Which “CSV databases” are you referring to here?

MySQL, the database I am most familiar with, uses this method for
import or
export of comma- or tab-separated plain-text data. Within MySQL’s own
database protocol, linefeeds really are linefeeds, but an imported or
exported plain-text table has them escaped within fields.

Wild. I use MySQL everyday. Guess I’ve never dumped a CSV of
linefeed containing data with it though. (I generally walk the
database myself with a Ruby script and dump with FasterCSV.)

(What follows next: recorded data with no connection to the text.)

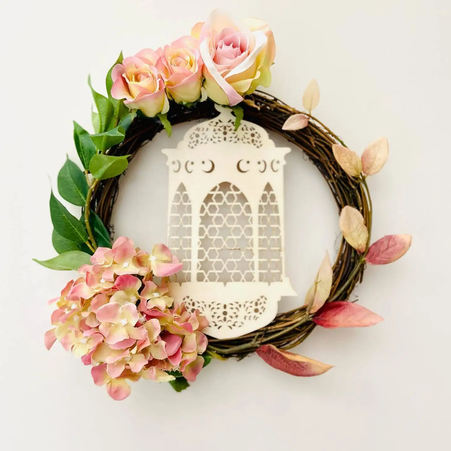 ИД Рамадан, деревянные подвесные украшения для Рамадана, венок сделай сам, товары для мусульманской вечеринки, металлическое кольцо, венок, украшения для вечеринки
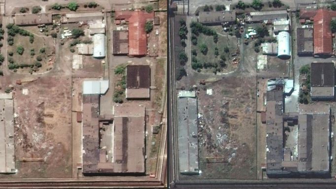 Deux images satellitaires de la prison d'Olenivka, avant et après les explosions qui ont tué des prisonniers de guerre ukrainiens.
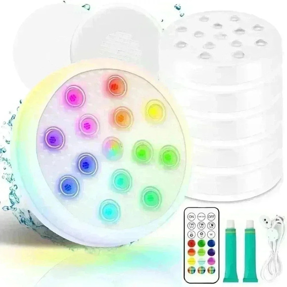 Pool Lights, 6 Pack Rechargeable Submersible 14 LED Lights with Remote, IP68 Waterproof, Underwater Lights Built-in Magnet, RGB Color Changing Lights for Pool, Pond, Fountain, Aquarium, Bathtubs
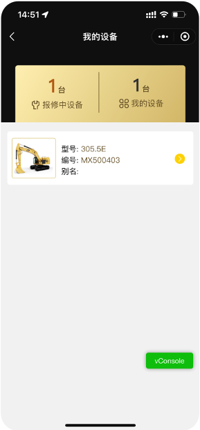 用户注册后,在“我的设备”中,选择设备进行报修;

It just takes longer if all the database
handling (not just record parsing) must use the same state machine
that
field parsing must use.

I don’t understand this comment. MySQL does not use CSV internally,
like most databases.

It’s very simple, really. Once you allow the record separator inside a
field, you give up any chance to parse records quickly.

Have you heard of the FasterCSV library? :wink: It’s pretty zippy.

But parsing will necessarily be slow, character by character, the
entire
database scan must use an intelligent parser (no splitting records on
linefeeds as I have been doing), and the state machine needs a few
extra
states.

You don’t really have to parse CSV character by character. FasterCSV
does most of its parsing with a single highly optimized (to avoid
backtracking) regular expression and a few tricks.

Basically you can read line by line and divide into fields. If you
have an unclosed field at the end of the line, you hit an embedded
linefeed. You then just pull and append the next line and continue
eating fields.

The standard CSV library does not do this and that is one of two big
reasons it is so slow.

James Edward G. II

James Edward G. II wrote:

/ …

So a linefeed is \n and then we need to escape the \ so that is \, I
assume. Interesting.

I would argue that is not CSV, but it’s certainly debatable.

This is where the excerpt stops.